Si emplean con ellos firmeza de padre para sacarlos y alejarlos del desorden; deben también tener la ternura de madre, para acogerlos, y procurarles todo el bien que esté a su alcance. Med. 101.3 Sobre la vida de San Francisco de Sales.
Dentro de los escritos de La Salle, ésta es una cita desconcertante y no tanto por el contenido, sino por el ejemplo de su vida, tan austera y en la que no toleró muestras sensibles de afecto en su historia personal, pues siendo muy joven mueren su madre y, poco después, su padre. Por estar estudiando, no pudo asistir al sepelio de su mamá. Esto lo hubiera marcado negativamente haciéndolo rudo e insensible. Sin embargo, consta en su biografía el cariño y la ternura que encontraba en su abuela y esto en parte nos explica la cita que precede. La ternura es tan antigua como la humanidad, pero a menudo, la hemos olvidado.
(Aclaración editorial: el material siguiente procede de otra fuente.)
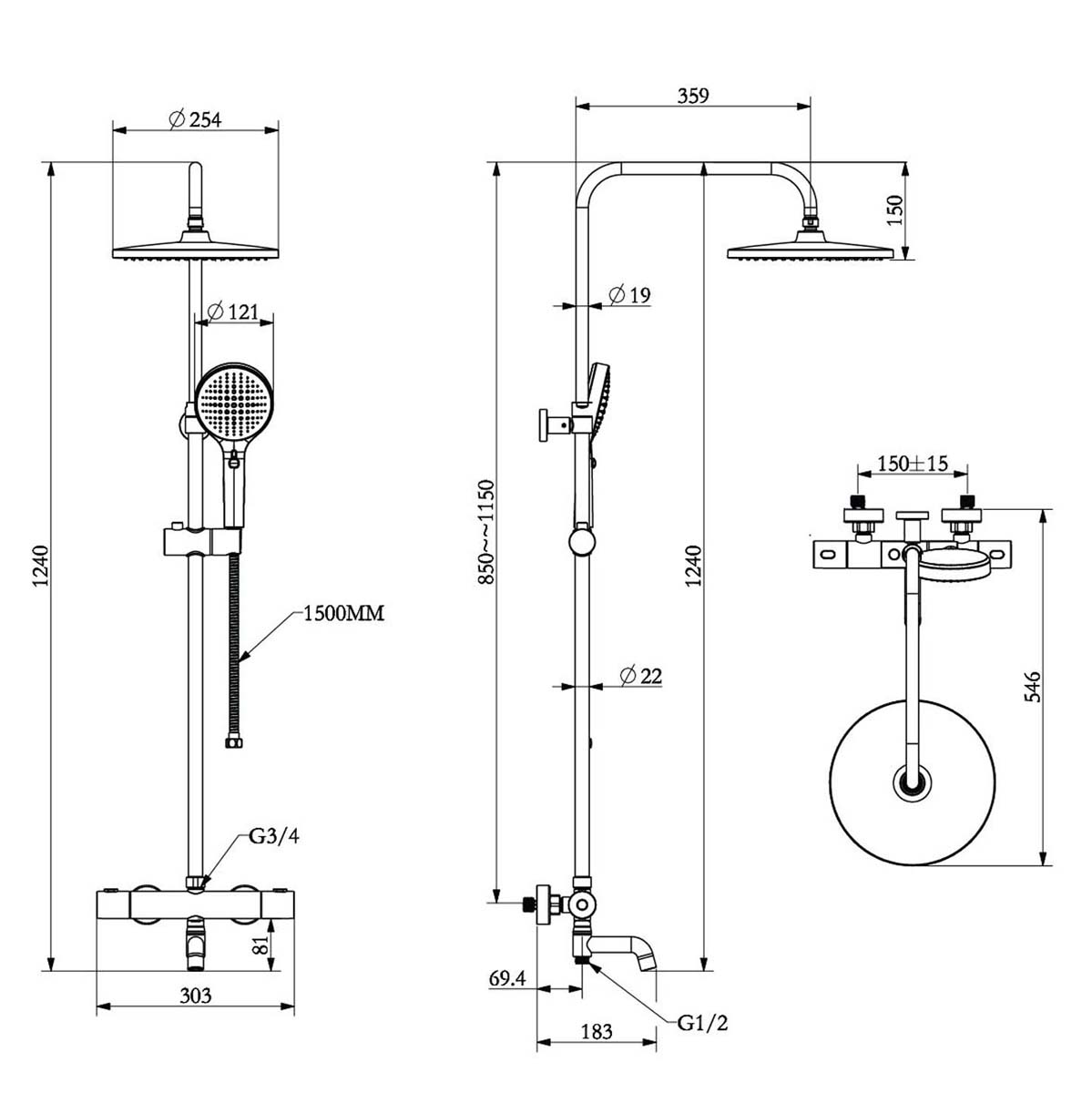 - Chiều cao cây sen điều chỉnh linh hoạt (khoảng 850 – 1150 mm): thích ứng tốt với nhiều không gian phòng tắm và chiều cao người dùng, mang đến tư thế tắm thoải mái.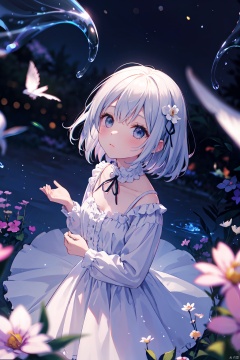 (blurry, depth of field, blurry foreground:1.35), Dreamweaver diva, phantasmal, surreal, night-sky hair, dreamscape, orchestrating, symphony of slumber, dress of dusk, floating among dreams, deep night, lullaby of the subconscious, dream orchestration scene, Neck, Unity, (from above), flower, 1girl, backlight, colors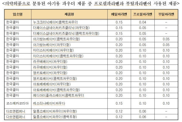 새정치민주연합 김용익 의원(국회 보건복지위원회)은 유럽연합(EU)이 내년부터 3세 이하 아기용 파우더에 프로필파라벤과 부틸파라벤 사용을 금지시키기로 한 가운데, 우리나라에서는 한국콜마(주)에서 생산되는 ‘아토베베 베이비’ 등 17개 아기용 파우더 제품(의약외품)에서 프로필파라벤과 부틸파라벤이 사용되고 있는 것으로 확인됐다고 7일 밝혔다.
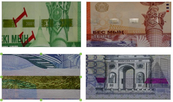 Абишева сообщила, что тенге чаще всего подделывают с применением лазерного принтера. По ее словам, реже встречаются поддельные банкноты, состоящие из двух склеенных частей, одна из которых подлинная, а вторая отпечатана на струйном принтере.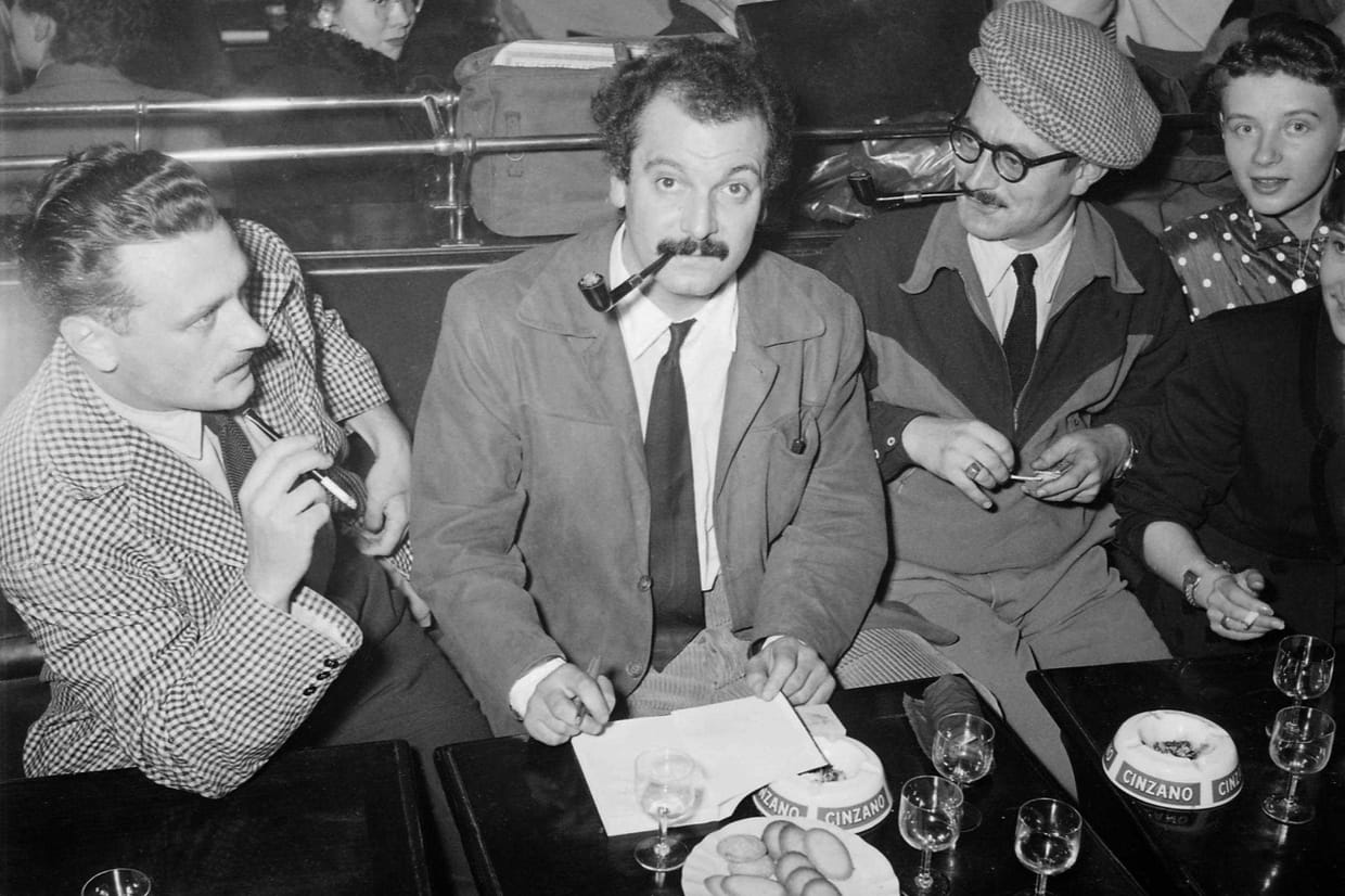 Georges Brassens signe des autographes en compagnie de son ami écrivain René Fallet. Le chanteur a joué et chanté dans le film Porte des Lilas, adaptation d'un livre de Fallet.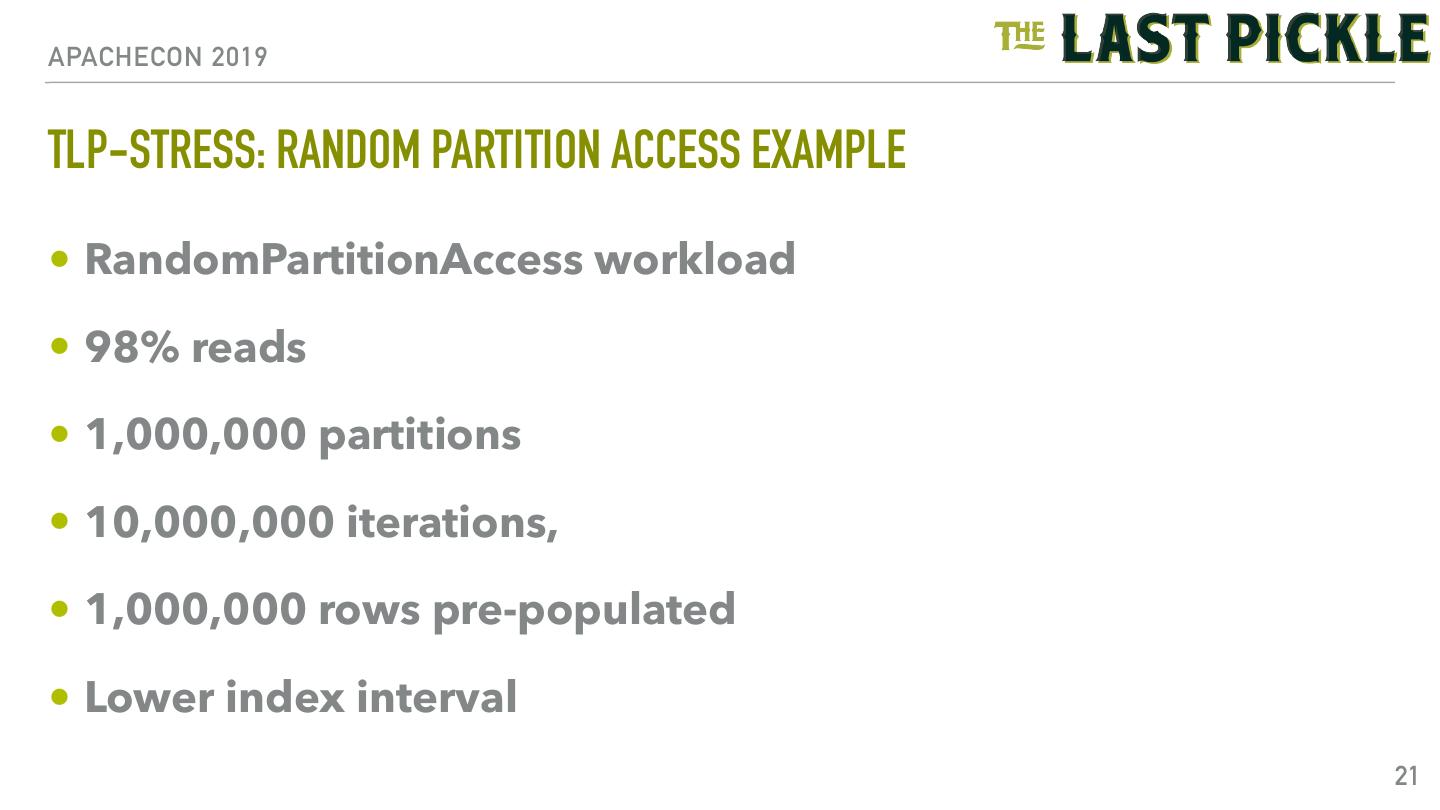 21 .APACHECON 2019 TLP-STRESS: RANDOM PARTITION ACCESS EXAMPLE • RandomPartitionAccess workload • 98% reads • 1,000,000 partitions • 10,000,000 iterations, • 1,000,000 rows pre-populated • Lower index interval 21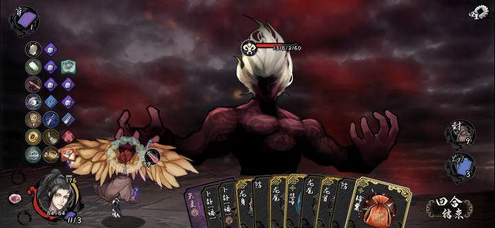天问1张 招魂1张 夜半2张 灵躯1张 魂瓶(越多越好 主要输出)现灵1张(主要过牌 能升满最好)除了 魂瓶跟现灵 其他都可以不升。我这把运气不好 就遇到了几次删牌的,现灵也没有 所以才用锦囊替代出牌顺序: 先上魂瓶,四组合,现灵,夜半,四组合,现灵,夜半以此类推。护符优先:珍珠,蛛网,玻璃串珠,毒蘑菇,竹立牌(能保你前期遇到boss无伤)博茕(前期尽量先拿多摸牌的 牌成型了 再拿博茕)尽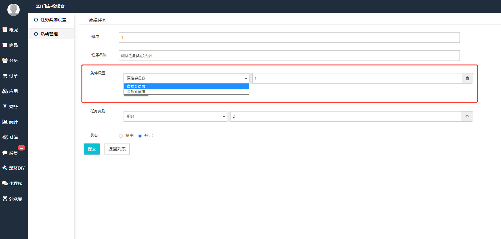 3、创建奖励任务,条件有两种,直推会员满和余额充值满。奖励有三种方式:积分,优惠券,爱心值。注意:创建好奖励任务后记得状态修改为开启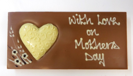 Milk Chocolate Bar with white and dark chocolate detail. With love on Mothers Day with milk chocolate heart (200g) Approx size 19cm x 9cm. (ALLERGY ADVICE: MILK, SOYA)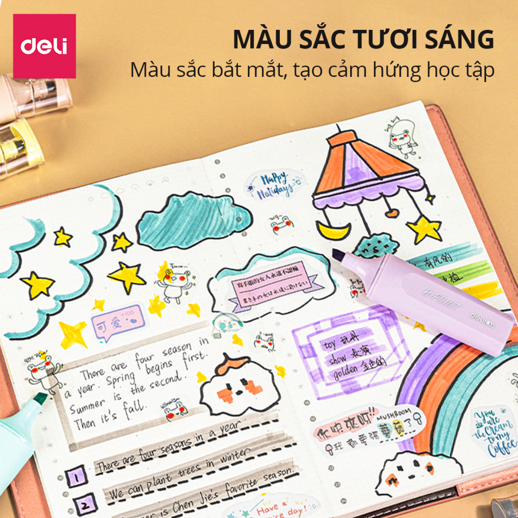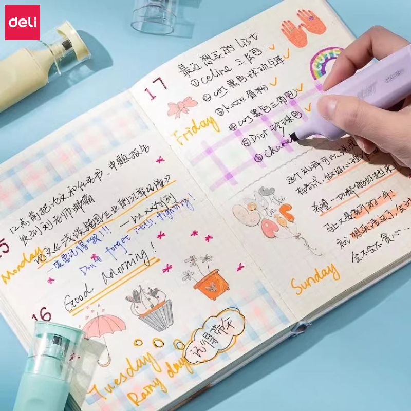 Màu mực tươi sáng hơn Không độc hại Thân bút màu dạ quang trong suốt Sử dụng được cho giấy thường và giấy fax Có thể đánh dấu với khoảng cách hơn 100 m++ Đầu

En el periódico, El Siglo de Torreón apareció, hace poco, la siguiente nota:
"Con 50 maestros de nivel primaria capacitados en el programa: Educando con Ternura, concluyó la Segunda Visitaduría de la Comisión Estatal de Derechos Humanos. Se abordó la difusión de los derechos de los niños, la legislación vigente en materia de su protección, así como las características para detectar abuso o abandono del infante".
"El principal maltrato infantil que está recibiendo el menor es la negligencia y la omisión de los padres. Ya no es el acto del golpe, es la omisión de dar alimento a las horas, de revisar su salud, el abandono de los padres que los mandan a la escuela sin entregarlos o sin que les conste que entró a la escuela", comentó Sarah de los Santos, titular del citado organismo".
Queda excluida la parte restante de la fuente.